There’s a question I hear constantly in engineering circles: “Which AI should I use?”
The implicit assumption behind it is that there’s one right answer. Pick the best one, use it for everything, done. It’s how we think about most tools — you pick your IDE, your cloud provider, your language. You don’t swap between three of them mid-task.
But AI models aren’t like that. And the sooner you stop treating them like they are, the better your output gets.
I use six different AI tools in my workflow. Not because I enjoy managing subscriptions, but because each one is meaningfully better at a specific job — and the benchmarks, plus two years of daily use, back that up.
The vendor bias problem no one talks about
Most people pick their AI assistant the same way they pick a phone: brand loyalty, whatever their company pays for, or whatever the loudest voice in their team recommends.

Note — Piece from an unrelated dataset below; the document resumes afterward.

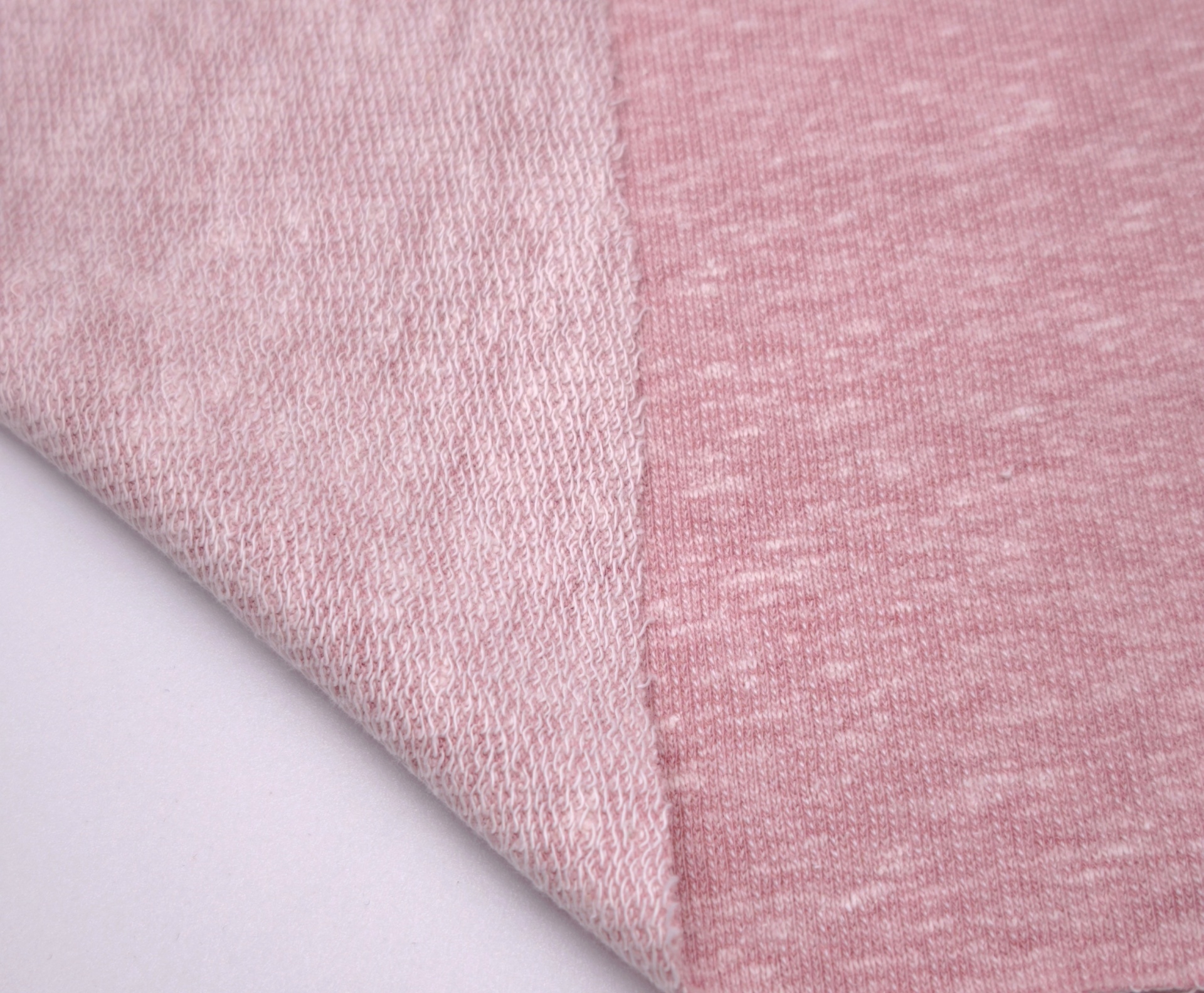 Malha felpa em ponto italiano, com boa elasticidade, toque suave e fresco
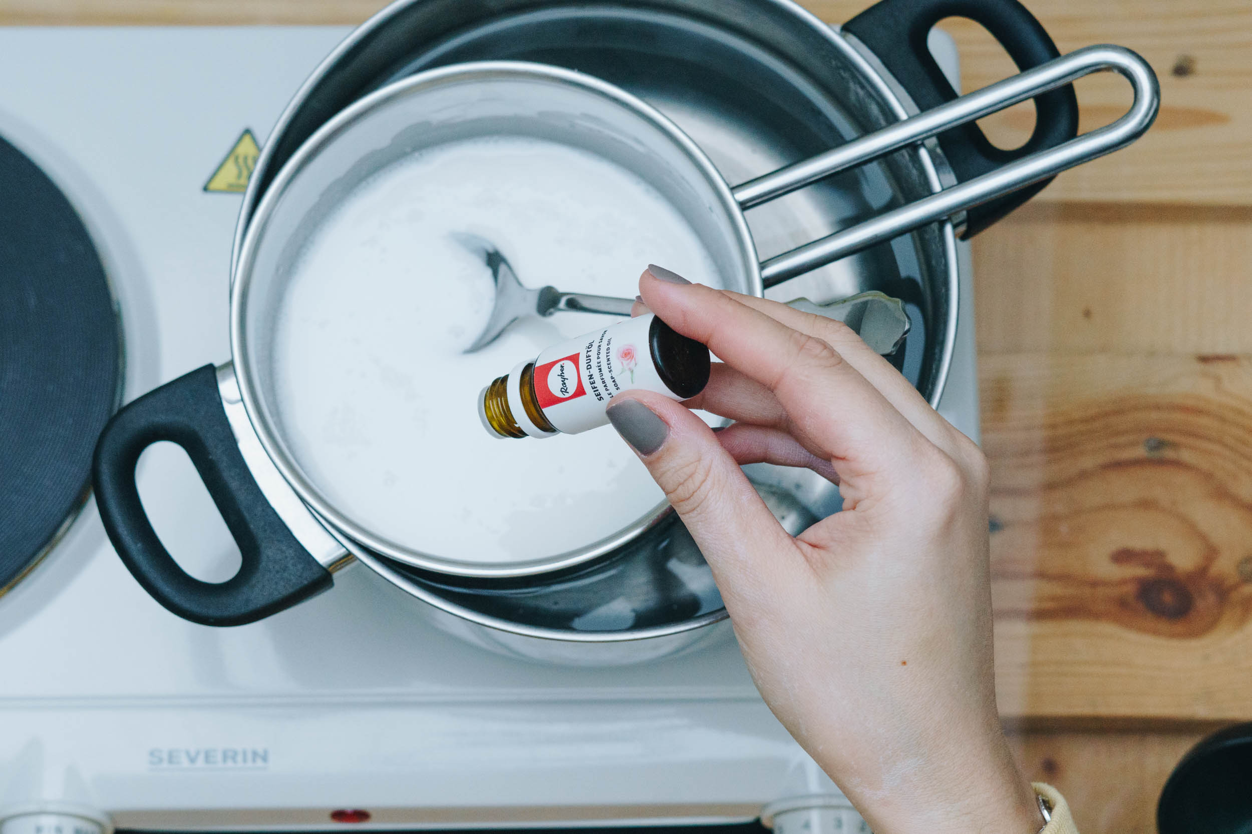 Wenn die Seife geschmolzen ist, gib ein paar Tropfen Rosenduft und Seifenschaum dazu und verrühre es gut.

The result is monoculture. One model, used for everything, never questioned. And because the model is capable enough to produce something — often something good-looking — it’s easy to miss that a different tool would have done the job better.
This isn’t hypothetical. Researchers at Nature Communications published findings earlier this year warning that AI is turning research into a “scientific monoculture” — homogenised outputs, shared blind spots, correlated failures. Gartner predicts that by 2028, 70% of organisations building multi-model applications will have AI gateway middleware specifically to avoid single-vendor dependency. LinkedIn reports that “model selection” is now one of the fastest-growing skills among senior engineers.
The engineers who’ve noticed the problem are moving. The ones who haven’t are wondering why their AI output feels the same as everyone else’s.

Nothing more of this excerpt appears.